Jon Greenberg

Six members of the Escape Advisory Council met Thursday evening to discuss how to overcome obstacles preventing the construction of the Escape, a community center that will cater to children and teens in the city’s Dixwell neighborhood.

The project, the lease for which was signed in September 2015, would serve as a place for young people in Dixwell to relax, do homework and participate in a variety of extracurricular activities. But Emilie Steinnagel, who chairs the Escape Advisory Council and led Thursday’s meeting at ‘r Kids Family Center on Dixwell Avenue, said progress on the project has ground to a halt since the spring.

“We’re waiting for money to be freed up to finish the building and for clearances from the city engineer,” Steinnagel said.

The Advisory Council usually works on how the day-to-day operations of the center will work after it opens. But in light of the multi-month holdup, Steinnagel and the rest of those present at Thursday’s meeting spent most of their hour together discussing how best to get construction moving again. There currently is no timeline for the project’s construction, Steinnagel said.

City Engineer Giovanni Zinn toured the site of the future center last spring and pointed out a few problems with the building, most notably one concerning the building’s electrical grid, according to Steinnagel. She said the project has been stalled ever since because there is not enough money allocated to the project to address these problems and construction cannot resume until they are addressed.

Steinnagel said she was not sure why funding had run out for the project, but she and others present Thursday discussed the possibility that the shortage in funding has to do with the state’s financial woes.

City spokesman Laurence Grotheer said chaos at the state level is affecting the way the city chooses to spend money. Connecticut is currently facing a multi-billion dollar deficit, and the state legislature has still not finalized a budget for the current fiscal year, which began on July 1.

“There are payments to the city that have not been made by the state, and … there is uncertainty about when they will be paid,” Grotheer said.

Grotheer added that without these state payments, which number in the millions of dollars, the city will not be able to function. Because the city is facing such significant cash-flow issues, there is little room for spending on nonessential projects. However, he emphasized that he could not speak on whether the shortage of funding for the Escape is connected to state budget issues.

Steinnagel said she drafted a letter that she planned to send to Mayor Toni Harp and the Board of Alders asking the officials to do everything they can to move things forward. All but one of those present at the meeting agreed to sign the letter.

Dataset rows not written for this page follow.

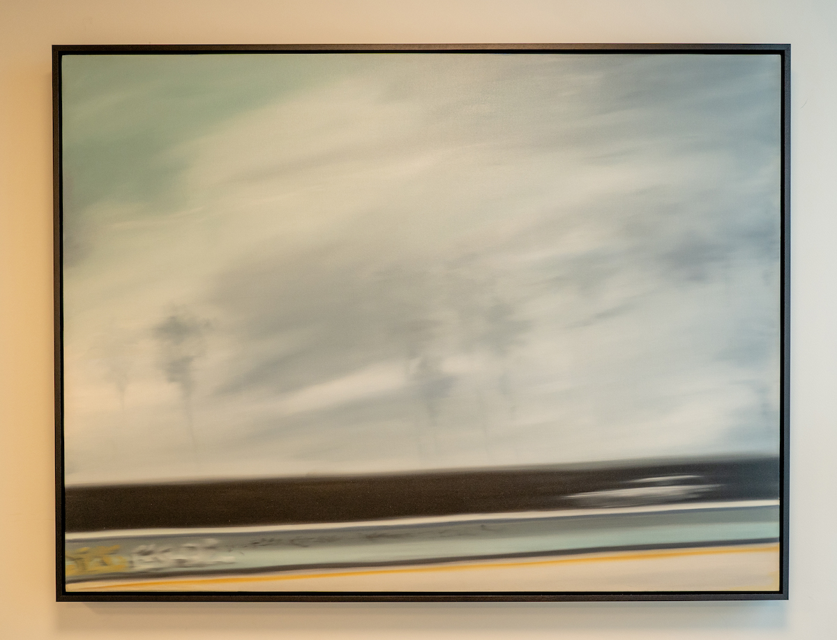 These Days was painted towards the end of a lengthy series of oils I did that started in the early 2000’s. The piece is emblematic of the series. Landscapes that intend not necessarily to be a portrait of a place, but rather an impression of a moment in that place. I, as many, arrived in Los Angeles from somewhere else, in search of a dream, of a better life, of an opportunity. Los Angeles provided that. Open vistas, endless horizons, and a transportation infrastructure both foreign and familiar. Moving fast, often in a motor vehicle, through neighborhoods, cities, that left fleeting and dreamy impressions in my mind. These works intend to be casual snapshots of moments and situations that can only occur in a place like this city. Do they depict actual locales? Or are they memories of something that was observed with the corner of the eye in a fraction of a second? It is up to the viewer to assign place, personal meaning, emotional response. The palette and treatments are quasi-photographic, painterly strokes are ‘erased’, favoring smooth gradients and avoiding sharp edges, yet the spatial treatment is accurate to how we perceive space. The intention, to bypass pictorial effect and promote the sensation of a place or moment that exists -or existed-, hopefully allowing the viewer to reprise a moment that was actually lived. – Miguel Osuna, Los Angeles, July 2020
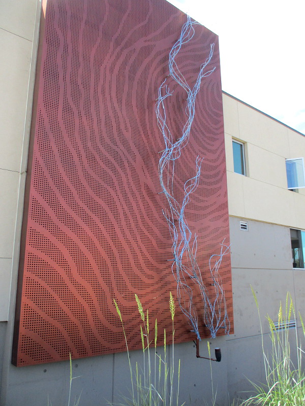 At first sight I thought the bluish wire-like tubes that compose the river represent smoke! Or perhaps the tall grass by the sidewalk! But, no. The vertically arranged river runs across perforated copper layers that intentionally appear like a topographic map–the type of map firefighters often use.
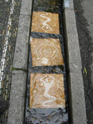 Die drei Platten schwimmen auf dem Wasser - zur Verblüffung vieler Passanten, die dann auch prompt nachschauen (nicht nur die Kinder): Auf der Unterseite ist Styrophor aufgeklebt. .
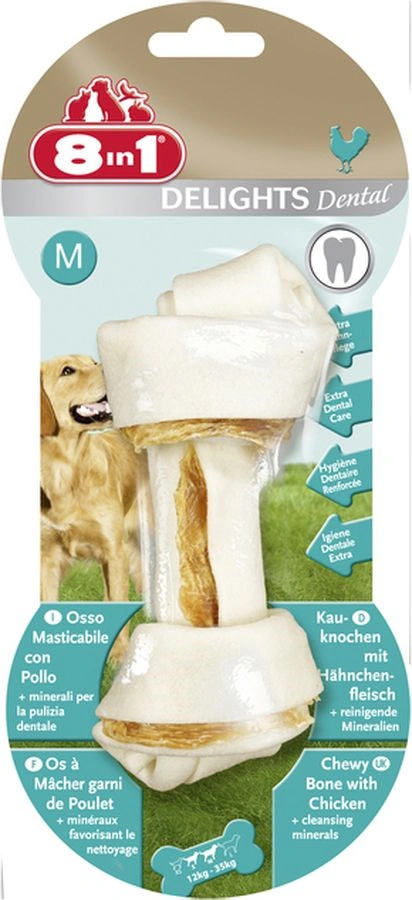 8 in 1 "Dental Delights M" - уникальное запатентованное лакомство с качественным куриным мясом, завернутое в жесткую оболочку из сыромятной кожи. Полезно для зубов и десен. Удовлетворяет природный жевательный инстинкт собаки. Долгое "жевательное" удовольствие и никаких остатков. Изготавливается с учетом размеров собаки. Обогащено полезными минералами. "Dental Delights M" помогает удалить зубной налет, предотвращая образование зубного камня и способствуя свежему дыханию. Содержит всего 2% жира. Не содержит искусственных красителей и усилителей вкуса и аромата. Состав: мясо и мясные субпродукты (куриное мясо 10%), минеральные вещества. Аналитические компоненты: сырой белок - 82%, сырые масла и жиры - 2%, сырая клетчатка - 1%, сырая зола - 2%, содержание влаги - 14%. Вес: 70 г. Размер косточки: 5 см х 15 см. Товар сертифицирован.

Timothy White ’20 of the Yale College Democrats, who was at Thursday’s meeting, was one of the five who agreed to sign the letter.

White said the YCD has worked on getting performance and tutoring groups at Yale to provide programming at the center alongside City Youth Services Director Jason Bartlett. Bartlett leads the effort to build the Escape but could not come to Saturday’s meeting because he was sick, according to Steinnagel.

Dems Communications Director Makayla Haussler ’19, who is involved in the Dems’ effort to provide programming for the center, said several Yale groups, including the Urban Debate League and MEChA, had also volunteered to run programs. Haussler said she was told by Bartlett toward the end of last semester that the center would be open soon. She expected the center to be ready for programming when she returned to campus after summer break but found instead that it still had not been completed.

Haussler said she talked with Bartlett about the possibility of moving some of the scheduled programming for the Escape at the Farnam Center, a facility in Fair Haven that holds extracurricular activities for children, until construction ends. The Advisory Council discussed this plan Thursday, and some of those present supported the idea. But Randi Robin Rodriguez, a city resident who runs ‘r Kids, a center that provides services to vulnerable children and their families and also hosted the council’s meeting Thursday, had reservations about the Farnam idea.

“To get something up and running in a neighborhood where it didn’t exist before requires a lot of effort, neighborhood-building and relationship-building,” she said, drawing on her own experience opening ‘r Kids. “I can envision, based on some of the feedback we’ve gotten, that it might create a rift between the Escape and the community, who might say, ‘Oh, you’re going over to Farnam.’”

The building that is planned to house the Escape was previously a community outreach center.